The second problem with organizations, specifically religious ones, is dogma. Dogma is the by-product of politics. Just like a political party needs a platform, a religious organization needs a dogma to define itself.

The dictionary defines dogma as principles laid down as absolute truth by an authority such as a church or a political system.

Okay, so now we have an organization with a need for money and power, and a clearly defined set of principles – dogma.

And here is its dogma: Noahides are permitted to learn only the Seven Laws of Noah. They are forbidden to learn Torah beyond the Seven Laws and they are forbidden to keep Shabbat.

This dogma says that if a Noahide wants a greater share of the Torah than the Seven Laws of Noah, his or her only option is to convert and become Jewish, and then they can have all 613.

Now, this organization knows that G-d has given the Noahide Ger a great share of the Torah even without converting. They know that the limitations they place on B’nai Noach do not apply to the Noahide Ger of today, but were meant for times past and for people who were subjugated in war and forced to accept the Seven Laws or face capital punishment. They know today's righteous Gentile comes to the Torah because he searched for G-d and found Him. It is a relationship of love. The righteous Gentile of today fulfills prophecy and is a certain sign of Geulah, the Final Redemption. 

So what does the organization do? It twists around the law and develops a dogma that says there is no Ger Toshav today, even though the halacha is that, “for the sake of doing mitzvoth, there is always a Ger Toshav,” today and yesterday and tomorrow. G-d holds no one back from the Torah except an idol worshipper before he renounces his idolatry.

When a religious organization manipulates the truth in order to support its dogma, for the sake of its own esteem and power, it no longer factors G-d in its decisions. It has either forgotten about G-d or explicitly rejects Him. It has gone dark. 

This is why the Lubavitcher Rebbe told Rabbi Feldman to stay away from the organizations  –  for the simple reason that he did not want a Talmid Chacham tainted by corruption. How can a corrupt organization taint a Talmid Chacham? As an example, one of the better known Noahide organizations fired its rabbinic advisor because he became involved with the ad hoc Sanhedrin in Israel. And this particular Noahide organization was politically aligned against the Sanhedrin. Firing a rabbinic supervisor damages his name in the community. That is one way of tainting a Talmid Chacham. There are others.

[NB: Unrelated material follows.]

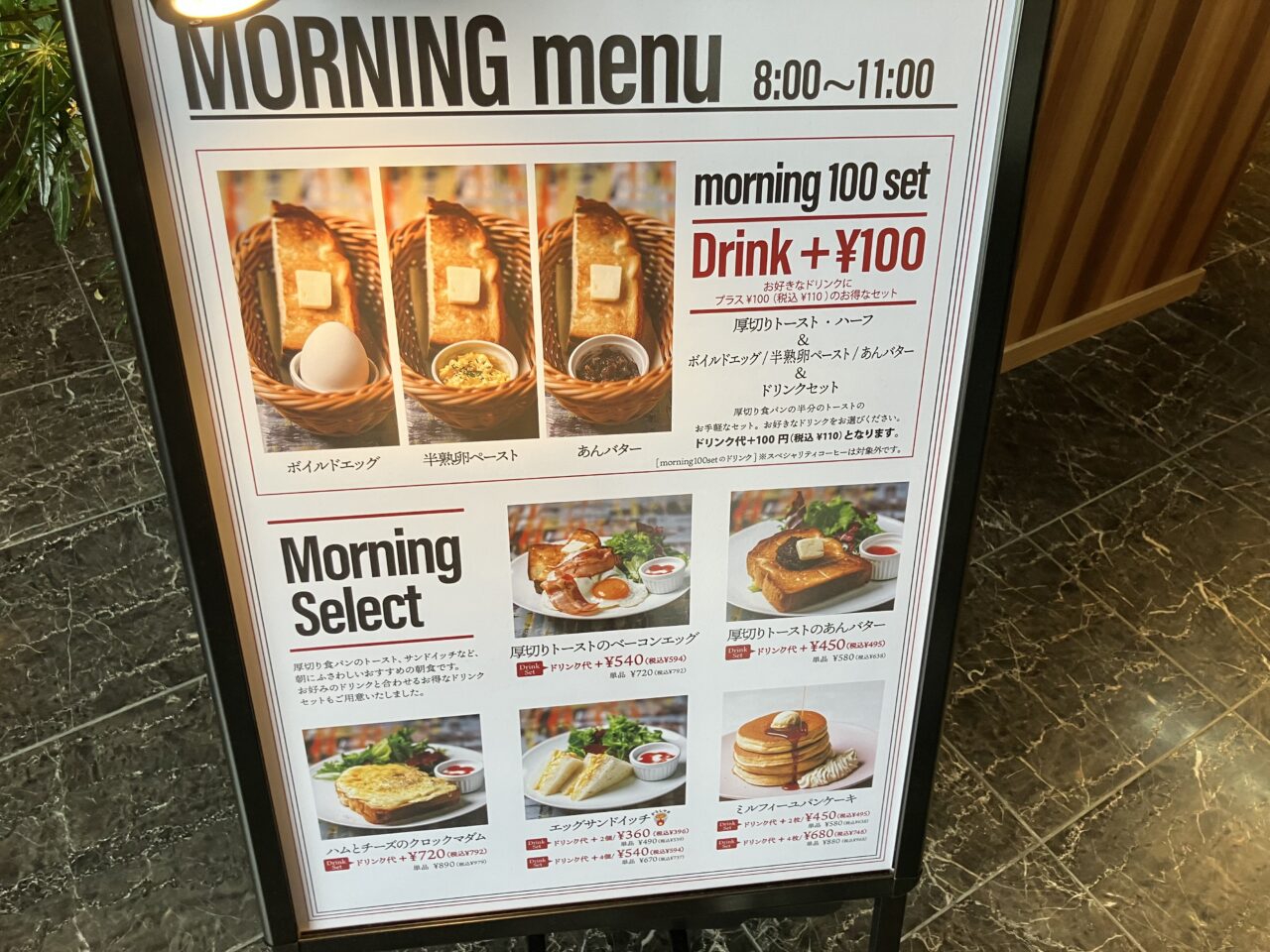 注文は各テーブルに用意されたQRコードを読み取って行うシステムです。モーニング(8:00〜11:00)はドリンク代にプラス料金で楽しめるセットが非常にお得です。

This does not mean to say that all Noahide organizations are bad. Some of them are good and some are even very good.

Here is how you can tell a good Noahide organization from a not-so-good Noahide organization: The good organization has a redemptive Geulian mentality and wants to strengthen and enlighten the Righteous Gentile. And the not-so-good organization has a repressive Galutian mentality and wants to manipulate and degrade the Righteous Gentile.

Any non-Jew who has accepted the Seven Laws of Noah and believes in the G-d of Israel, and has been told by an organization that he or she cannot keep Shabbat, has been lied to by an organization that is working against Israel and the Torah. Most of all, the organization is working against the Righteous Gentiles, the Noahide Gerim.

It is well-known that what the Lubavitcher Rebbe wanted was a practical guide for the B’nai Noach. And for that reason, with the Lubavitcher Rebbe's blessing, Rabbi Yakov Rogalsky and I wrote The Path of the Righteous Gentile, a Practical Guide to the Seven Laws of the Children of Noah.